|
FINALS.
If
knowledge is power, these guys have stuck their fingers in the
socket.
Writer:
Will Pfeifer
Artist: Jill Thompson
Colorist: Rick Taylor
Letterer: Rick Parker
4 issue miniseries
Published by DC Vertigo 1999
$2.95 each
FINALS
follows the final semesters of five students at Knox State University,
where university president Michael Woolrich believes in a policy
of learning through practical application. To this end, Dave Oswald
is studying criminal justice by holding up liquor stores. Tim
Pike is applying his theoretical engineering to building a time
machine. Anthropology student Gary Skelton is regressing to a
primal state, and comparative religions major Nancy Bierce has
become the leader of a cult.
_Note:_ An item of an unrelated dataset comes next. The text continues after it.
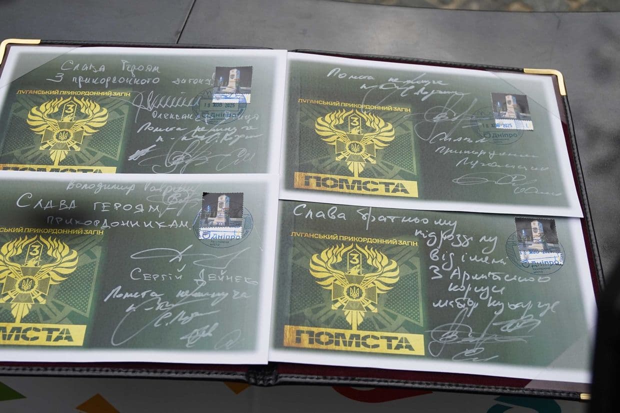 Спецпогашення відбулося на Алеї Захисників Луганщини у Дніпрі, де відкрили Меморіал загиблим прикордонникам 3-го прикордонного загону ім. Героя України полковника Євгенія Пікуса.

Meanwhile, film student Wally Maurer
still cannot decide on a subject for his graduate project, and
time is running out.
In
FINALS, creators Pfeifer and Thompson have created an enjoyably
subversive satire on the eccentricities of the American education
system, by creating a university where the emphasis is so firmly
placed on performance, there is no room left for the students
to develop as people. It is an absurdist tale, where the phys.
ed. students are experimented on by the eugenics class, and the
philosophy students tend to take their own lives before the end
of the first semester.
| "The art has a vibrancy
and independence of style that is well suited to depicting
frayed and unsteady youths" |
With
such a morbid sense of humour, FINALS comes across as a
very bleak piece of storytelling, though Pfeifer does a great
job of making the characters sympathetic and recognisable in their
desperation. He also keeps all the different plot threads running
at a clear and steady pace, and though at times the stories are
a little too transparent, it does lend the story a wonderful sense
of terrible inevitability.
Jill
Thompson's art is the perfect complement to Pfeifer's story. It
has a vibrancy and independence of style that is well suited to
depicting frayed and unsteady youths. Her quirky line may not
be to everyone's tastes, but there is more originality and genuine
expression here than one is likely to find in a barrelful of works
by most mainstream artists. Thompson seems to delight in using
an emotional shorthand similar to that practiced by Manga artists,
where faces shift dramatically to convey specific moods. The effect
is generally persuasive, but occasionally jarring.
With
many artists, a story like FINALS would be taken as an
excuse to experimentally push as many ideas into a single page
as possible. Jill Thompson shows admirable restraint here, making
sure even the time machine looks more like a science project than
a piece of Kirbytech, and the carnival float dedicated to Nancy
Bierce has a look of crepe paper and sticky tape about it. The
artist is clearly aware that her style is already eccentric enough
to keep the audience engaged, with no need for unnecessary embellishments.
The series' flat and simplistic colouring is a let-down, though,
and on occasion the characters can become confused as hair colour
leaps from one person to the next.
Recommended (with reservations: for the twisted,
or the academically frustrated)

Andrew
Wheeler is Editorial Consultant of PopImage.